By John Ward Anderson
Washington PostJuly 2, 2001
To truck drivers standing in a sliver of shade cast by an aging tanker truck waiting to enter Turkey with a load of embargo-breaking diesel fuel, the U.N. sanctions against Iraq are not a vital foreign policy matter loaded with global strategic significance, but an intensely personal issue.
"This is Turkey and there is Iraq with three kilometers between us, and America is on the other side of the world stopping us from doing our trade," said Seyfettin Inan, 42, a Turkish truck driver who has hauled oil from Iraq to Turkey for 15 years. These days, he supports his family of eight by making about one trip a month, which earns him perhaps $ 100.
"I could make 10 trips a day, but we have to respect all these concepts," he complained, as other truckers nodded. "The big states should come and see how we live and see if they could bear this type of poverty. But they just keep asking Turkey to do more and more."
Trade has been conducted for decades between the Kurdish areas of northern Iraq and southeastern Turkey. But the diesel fuel trade violates international sanctions imposed on Iraq after its 1990 invasion of Kuwait. Those sanctions require that all proceeds from Iraqi petroleum exports go to a U.N.-controlled escrow account to pay for humanitarian assistance for Iraq's 22.6 million people and to compensate victims from the Persian Gulf War.

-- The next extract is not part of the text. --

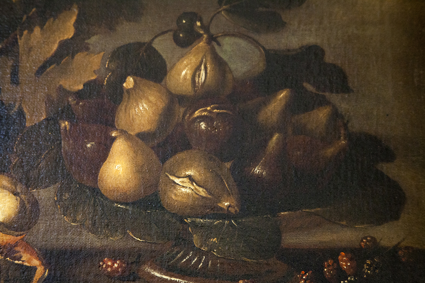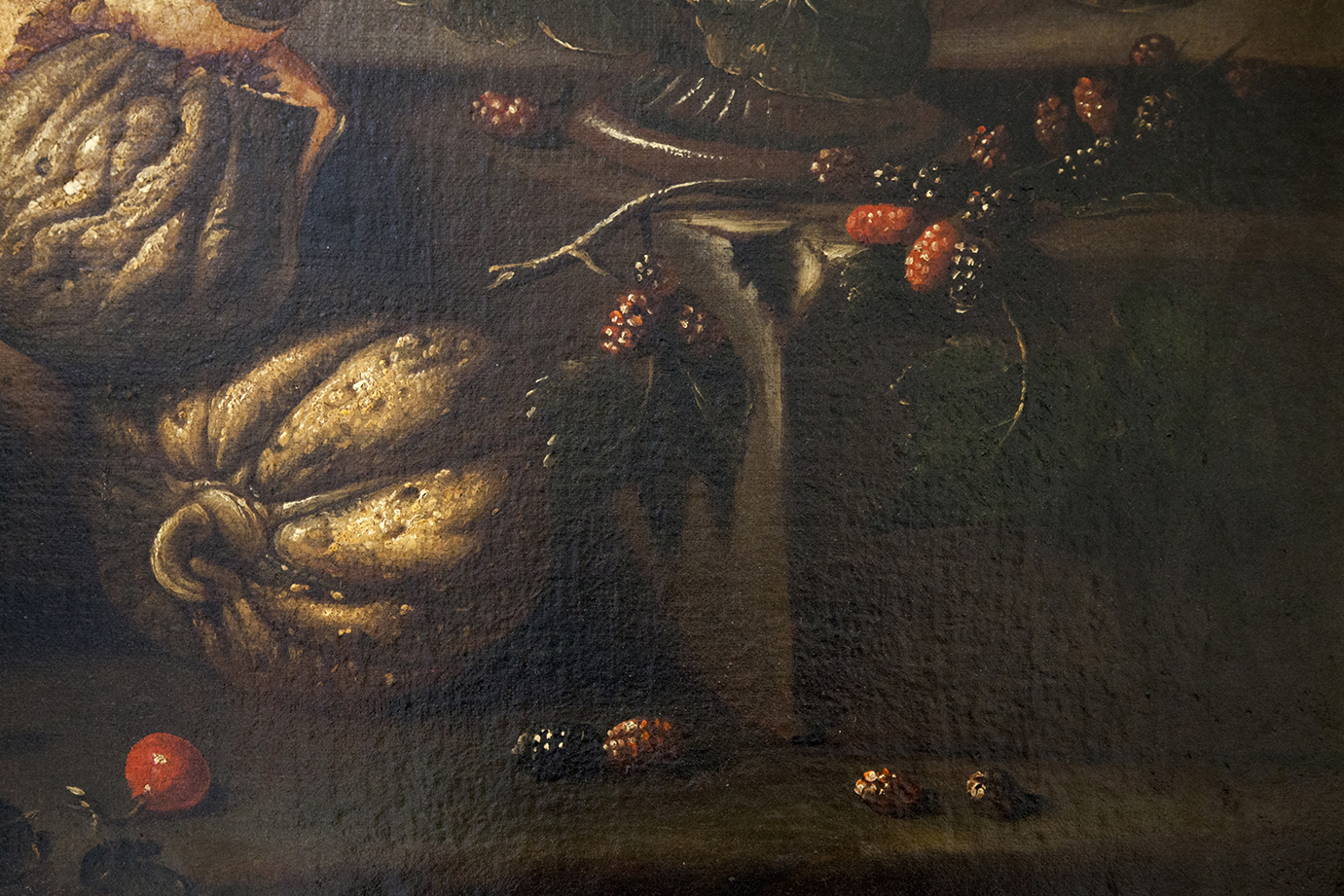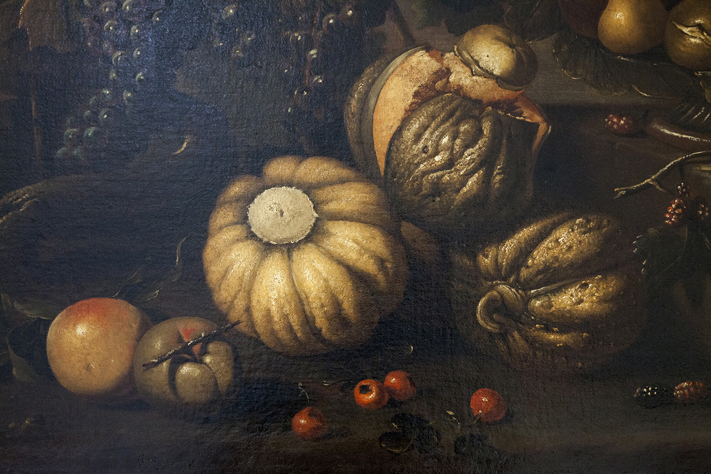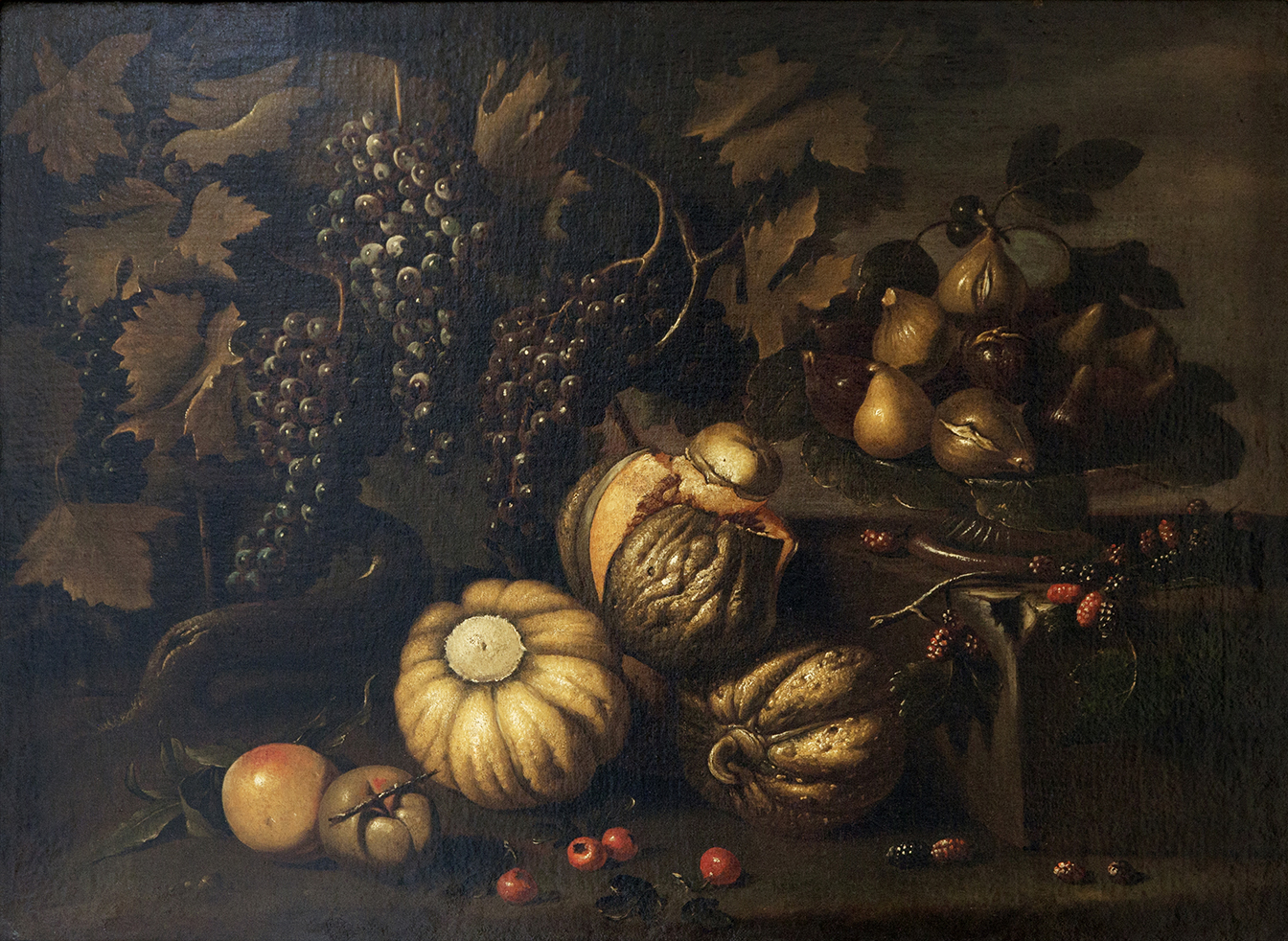 Questa superba natura morta di frutta e ortaggi, scenograficamente ambientati en plein air, fu attribuita da Federico Zeri a Michelangelo Cerquozzi. Accanto alla sua più idiomatica e abbondante produzione di bambocciate e di battaglie (quest’ultima, com’è noto, gli valse il soprannome di Michelangelo delle Battaglie), l’attività come naturamortista, per quanto più esigua, assegna al pittore un ruolo fondamentale negli sviluppi del genere a Roma dopo l’esaurimento della stagione legata alle suggestioni caravaggesche e verso le nuove tendenze più specificamente barocche, che si affermano nei decenni centrali del secolo. Le più celebri incursioni di Cerquozzi in questo genere (che stando alle fonti e agli inventari romani secenteschi non furono comunque sparute) prevedono la presenza di figure (si pensi alle Raccolta di fichi del Museo del Prado, o alla raccolta delle melograne del Museum Boymans Van Beuninigen di Rotterdam: per le quali, infatti, non si può propriamente parlare di nature morte). Sappiamo però per certo che il pittore si cimentò spesso anche nella natura morta pura, di fiori ma soprattutto di frutta. Tra le candidature più autorevoli all’attribuzione a Cerquozzi va annoverato senz’altro, auspice Zeri, l’esemplare che qui si presenta, come testimoniano i bellissimi grappoli di uva nera, i fichi smaglianti sull’alzata e le tre grandi zucche in primo piano, che rimandano a quelle della Raccolta dell’uva già in collezione Gasparrini, Roma, e del Satiro che coglie l’uva, già Colnaghi, Londra.

Oil analysts say the illegal trade here -- and similar sanctions-evading trade between Iraq and its neighbors Jordan and Syria -- puts as much as $ 1 billion a year directly into Iraqi President Saddam Hussein's pockets to buy and develop weapons and to build ornate palaces. The neighbors are enticed into the transactions, experts said, because they receive the oil and fuel at deep discounts -- perhaps 40 percent below market value -- and the trade has become a critical part of their economies.
Trying to control this black market is a key goal of a U.S.-British plan to revamp the U.N. sanctions, which have become hugely unpopular because of their devastating effect on Iraqis, particularly children. The U.N. Security Council must vote on the matter by Tuesday.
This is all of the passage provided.